# New to the "hood"...



## Jillyann (Mar 31, 2009)

Welcome! Tell us a little about yourself! Do you have any horses?


----------



## CANKLES (Aug 23, 2009)

Thanks for the welcome, Jillyann!  Alas, I have no horses at this time, and I admit that I am soooooo GREEN when it comes to my horse-know-how, but I am determined to learn all I can. I used to have a much loved, really cute, but really *crabby* Welsh Mountain Pony when I was _much _younger. I was a completely untrained, yet decent rider at the time, but now I'm planning on taking all the riding lessons that I can afford. I'm looking into getting a draft and I have my eye on a rescue Percheron. I've been researching _like mad_ for months now, and learning all I can from books, the net, but mostly from people I know who have their own horses. Here in Kentucky, there are TONS of people who love and own horses, and these people provide a wealth of information about horse ownership. I've been viewing this site for a couple of hours now, and there is so much great info here to be had. I'll probably be asking a lot of really dumb questions!


----------



## Nita (May 24, 2007)

Lol, there's no suck thing as a dumb question if you're willing to learn! Welcome! It's nice to have new members, and people who want to know more about horses before they just buy any old one. =) Good luck finding a horse!


----------



## Jillyann (Mar 31, 2009)

You will learn a lot here! I promise you that!! haha


----------



## Sugar and Spice (Aug 23, 2009)

hi! I'm Aki Joy. I've been english riding for about a year and right know I'm learning how to jump. I have a really great barn. My riding teacher is breaking a bay pony with a white blaze that I'm hoping to lease. I was also wondering if you had any advice about jumping in a canter because I'm having a little bit of trouble.


----------



## CANKLES (Aug 23, 2009)

Thanks, Nita! Jillyann, I've already learned things from this site! 

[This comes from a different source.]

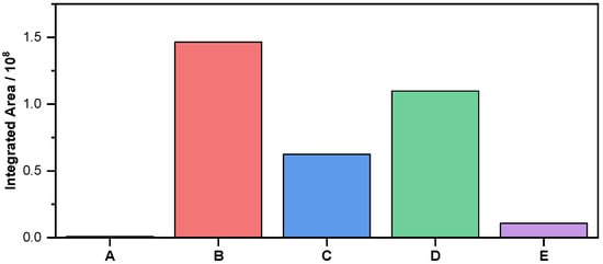 Integrated areas from GCMS peaks for n-dodecane extracted (SPME) from: (A) 3.7 ppm dodecane in water; (B) original PE in water, ~0.5 MGy; (C) original PE in water, ~2 MGy; (D) original PE in saltwater, ~0.5 MGy; (E) original PE in water, no irradiation. The vertical axis represents 109 integration values.

OK...here's my first silly question that I've been too shy to ask. I've heard a lot of people refer to a horse as being a "good husband horse". So far, I've just nodded and pretended to know what that meant. 

I've tried to look this term up, but with no luck.


----------



## Wallaby (Jul 13, 2008)

Welcome!

My understanding of a good husband horse is that it'll pretty much take care of it's rider with limited direction from the rider but I could be wrong.


----------



## CANKLES (Aug 23, 2009)

Thanks, Wallaby! Your answer makes sense, and is better than what my imagination was coming up with!


----------



## Jillyann (Mar 31, 2009)

Yep, she answered it pretty well. A husband horse is basically a horse you can do anything on.


----------



## Sugar and Spice (Aug 23, 2009)

*Hi! I'm new*

oops, sorry. I'm supposed to start a new thread.


----------



## Kentucky (Aug 2, 2008)

Howdy ma'am and welcome the ride


----------



## Beloved Killer (May 23, 2009)

CANKLES said:


> Hello, everyone! What a great site; lots of good advice and nice people. I'm pleased to meet you all.


You obviously haven't encountered me yet.


----------